# WORK In PROGRESS Convert EHR data to format used in this repo

This repository comes with a [sample dataset](../data-synthetic/ed_visits.csv) of ED visits, which are saved in a particular format. You'll see that each row has a snapshot_date and prediction_time. When combined, these identify a moment in time, during a patient's visit to the Emergency Department, at which we accessed everything known about them up to that point. In the row, information about the visit appears in summary form. For example, there are columns for visited_majors and visited_resus, as well as a current_location_type. One visit may have multiple rows, and there data about a given visit is repeated. 

This structure is very different from a Electronic Health Record data warehouse or Patient Adminisration System, which would usually have relational structure where information is not repeated. 

However, this structure is necessary for developing a predictive model of admission. To train our models, we must mimic the situation that would appear when making a prediction about a real visit that hasn't ended yet. We therefore need our dataset to look as if visits are unfinished. 

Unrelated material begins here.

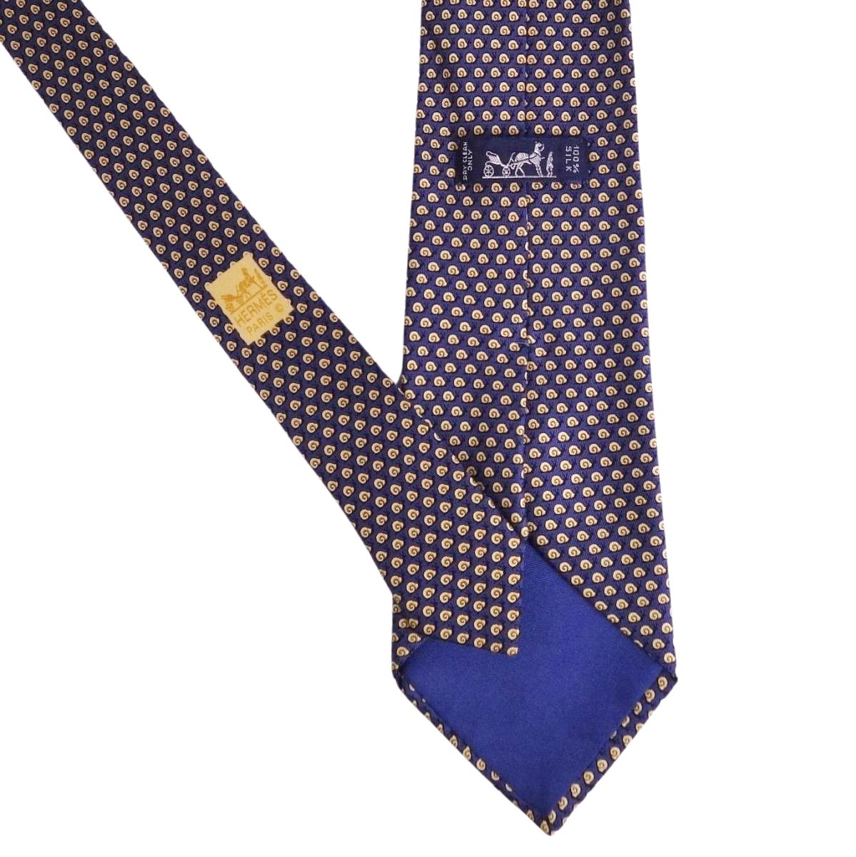 エルメス HERMES ネクタイ 総柄 シルク100% メンズ フランス製 ネイビー サイズ-
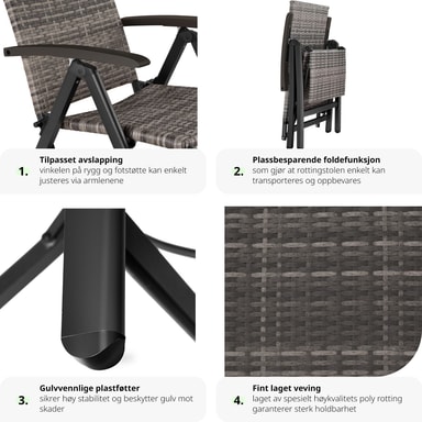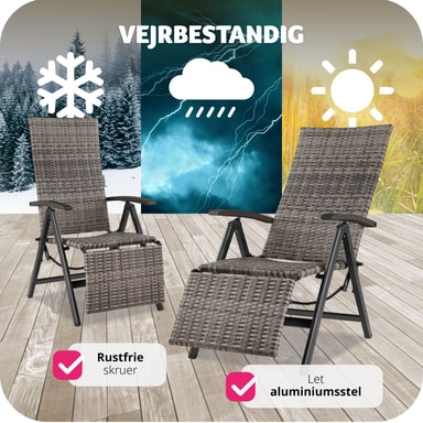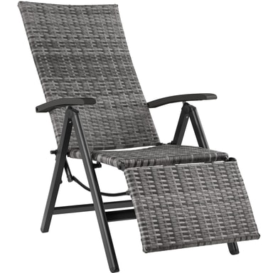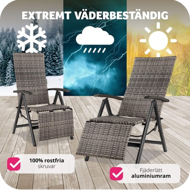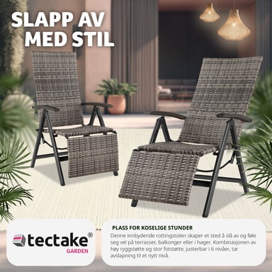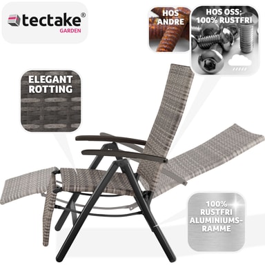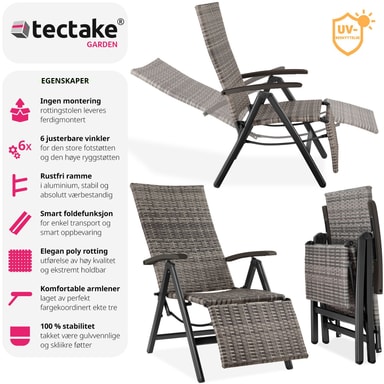 Letar du efter en positionsstol med fotstöd? Med denna komfortabla solstol från tectake får ditt letande ett lyckligt slut. Trädgårdsstolen är hopfällbar och justerbar, så att den enkelt går att anpassa efter egna sitt- och liggpreferenser. Positionsstolen med fotstöd övertygar inte minst genom sin tidlösa, attraktiva design som utgörs lika mycket av polyrotting-utseendet och aluminiumställningen som praktiska extrafunktioner, till exempel arm- och fotstöden. Denna positionsstol är lämplig för att brukas både inom och utomhus.

This notebooks suggests how you might turn our own EHR or PAS data into the structure required. 

In [1]:
# Reload functions every time
%load_ext autoreload 
%autoreload 2

## DB connection script

In [2]:
# An example of how to set up database connection (NOT RUN)
from sqlalchemy import create_engine
from sqlalchemy.orm import sessionmaker

def get_credentials():
    with open('../../secret-emap', 'r') as file:
        username = file.readline().strip()
        password = file.readline().strip()
        database_host = file.readline().strip()
        database_name = file.readline().strip()
        database_port = file.readline().strip()
        return username, password, database_host, database_name, database_port

# Get credentials from secret file
username, password, database_host, database_name, database_port = get_credentials()

# Database connection URL
DATABASE_URL = f"postgresql://{username}:{password}@{database_host}:{database_port}/{database_name}"

# Create engine
engine = create_engine(DATABASE_URL)

## Retrieve the data

In the cell below I'm doing some housekeeping to tell the notebook where to find the config file and loading some functions that will mask the real data (by hashing the csn visit number, and shifting dates into the future) so that no patient identifiers are revealed

In [28]:
from patientflow.mask import hash_csn, shift_dates
from patientflow.load import set_project_root
project_root = set_project_root()

from patientflow.load import set_file_paths
from patientflow.load import load_config_file
from datetime import timedelta


# set file paths
data_folder_name = 'data-public'
data_file_path = project_root / data_folder_name

data_file_path, _, _, config_path = set_file_paths(project_root, 
               data_folder_name=data_folder_name)

# load params
params = load_config_file(project_root / 'config-uclh.yaml')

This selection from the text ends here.